Within the virtual world of extremist Internet propaganda, Abu Omar Al-Baghdadi is leader of the Islamic State of Iraq, an umbrella organisation for al-Qaeda affiliated insurgent groups fighting US and Iraqi forces.
But for American commanders he’s a confidence trick, a straw man invented to put an Iraqi face on a terrorist group led by foreigners who infiltrated Iraq to sow chaos and undermine the US-backed government.
“We have seen no pictures of him. We don’t have irrefutable evidence that he actually exists, but we don’t discount that there may be a man named Omar al-Baghdadi,” a US military intelligence officer told reporters last month.
“It is clear that if he does exist he has little influence within the al-Qaeda hierarchy and that he is not responsible for all the things claimed in his name. This guy is a figurehead,” he said on condition of anonymity.
Abu Omar’s story began in October 2006, when Al-Qaeda announced in an Internet statement the founding of the so-called Islamic State of Iraq, a virtual caliphate which was supposed to unite Sunni insurgent factions.

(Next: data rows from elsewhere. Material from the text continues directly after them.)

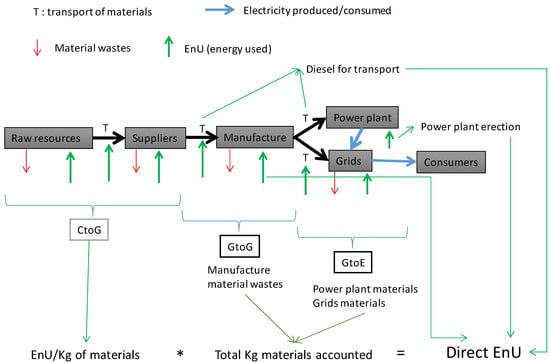 To estimate the direct energy used by the energy system to deliver energy (EnUdirect) we use data of energy intensities (MJ/kg) at the Cradle to Gate phase (including transport) from the materials used in the power plants and the operation and maintenance (O&M) of the grids and the losses of the manufacture phase for the material used in power plants. We add to this account the energy used in the power plant erection, the energy used in the manufacture phase and the diesel energy for transport in supplier gate to manufacture gate (GtoG) and manufacture gate to erection of the power plant (GtoE).
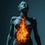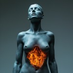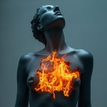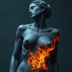 Blue Grey Female Statue with Inferno Chest and Visible Neckline
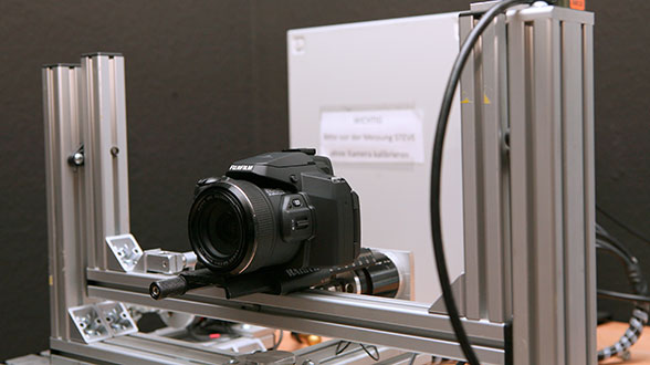 Sur cette photo, on voit le vibrateur électrodynamique sur lequel est posé l’appareil photo. Les vibrations sont ainsi transmises à l’appareil qui doit, en théorie, contrecarrer ces tremblements durant les prises de photo et faire en sorte que l’image soit nette malgré les mouvements. Ce test permet donc d’établir si le stabilisateur d’image joue bien son rôle.
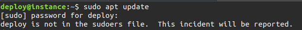 Tuy nhiên, hiện tại thì user deploy này chưa thể chạy với quyền sudo:
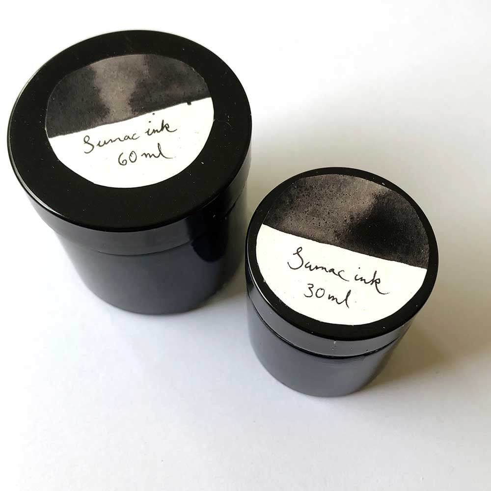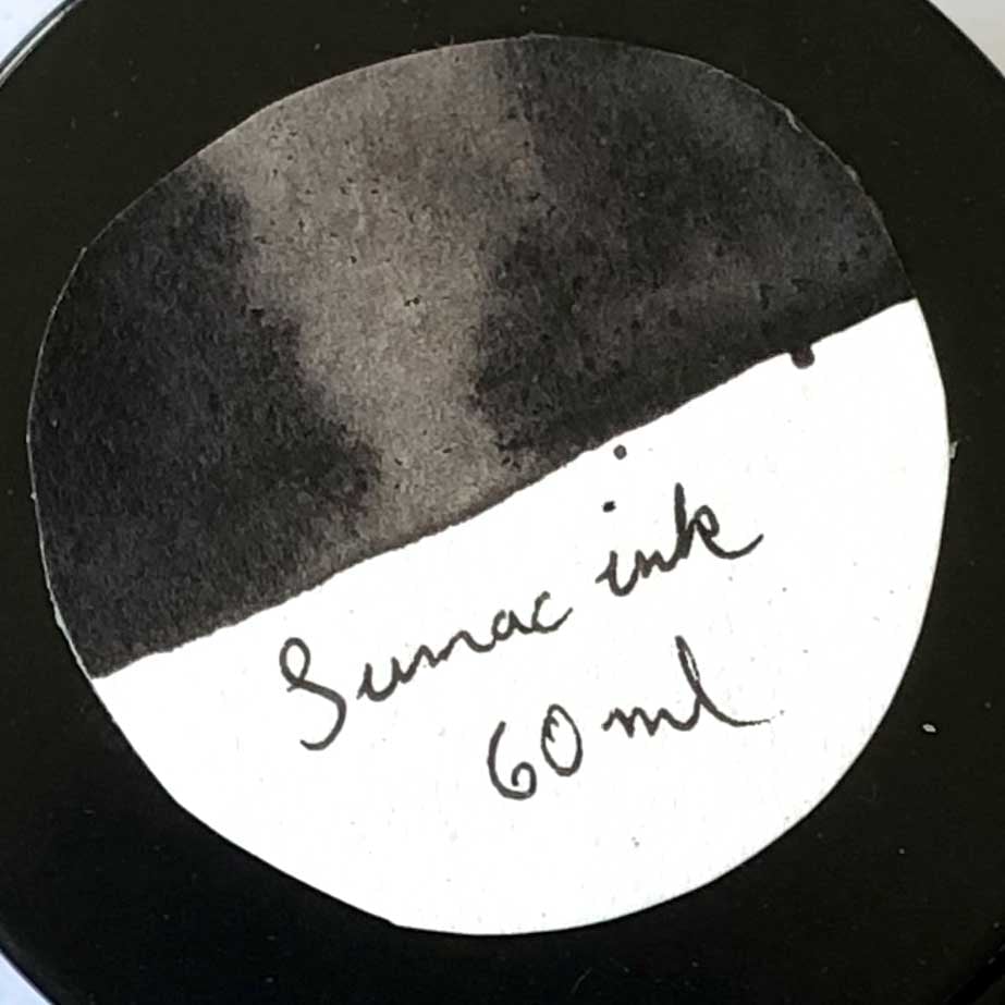 This ink is made from sumac drupes, which are usually dried and used as souring agent in food. They are are rich in tannin and produce warm, faintly purplish greys.

On the model of Afghanistan’s former Taliban regime, the group would be led by an Amir al-Muminin or “Commander of the Faithful”.
In May 2007, Iraqi officials declared that Abu Omar had been killed, but their US allies soon stole their thunder, revealing that the dead man was only the Islamic State’s “information minister”, Muharib Abdelatif al-Juburi.
Two months later the Americans took another swipe at the Abu Omar legend, when US military spokesman General Kevin Bergner announced that this “fictional character” did not exist except as an al-Qaeda propaganda tool.
This new theory was based on an interrogation of a captive Iraqi al-Qaeda member, Khaled al-Mashhadani, who allegedly served as an intermediary between the movement’s Iraqi affiliate and its global figurehead, Osama bin Laden.
Mashhadani had been arrested on July 4 and had revealed to his US captors that the Islamic State was nothing more than a story invented to mask the identity of the group’s real — foreign — leaders, Bergner said. Abu Omar’s voice on recorded statements boasting of al-Qaeda’s violent operations in Iraq had been played by an Iraqi actor, Abdullah al-Naima, the American spokesman said.
For US commanders, the real leader of al-Qaeda in Iraq is one Abu Hamza al-Muhajir - better known as Abu Ayyub al-Masri or “Ayyub’s Father the Egyptian” — who is “minister of war” in the so-called ‘caliphate’.
Reportedly an expert bomb maker, the Egyptian militant was named leader of al-Qaeda in Iraq in June 2006 following the death of his better-known Jordanian predecessor Abu Musab al-Zarqawi in an American air strike.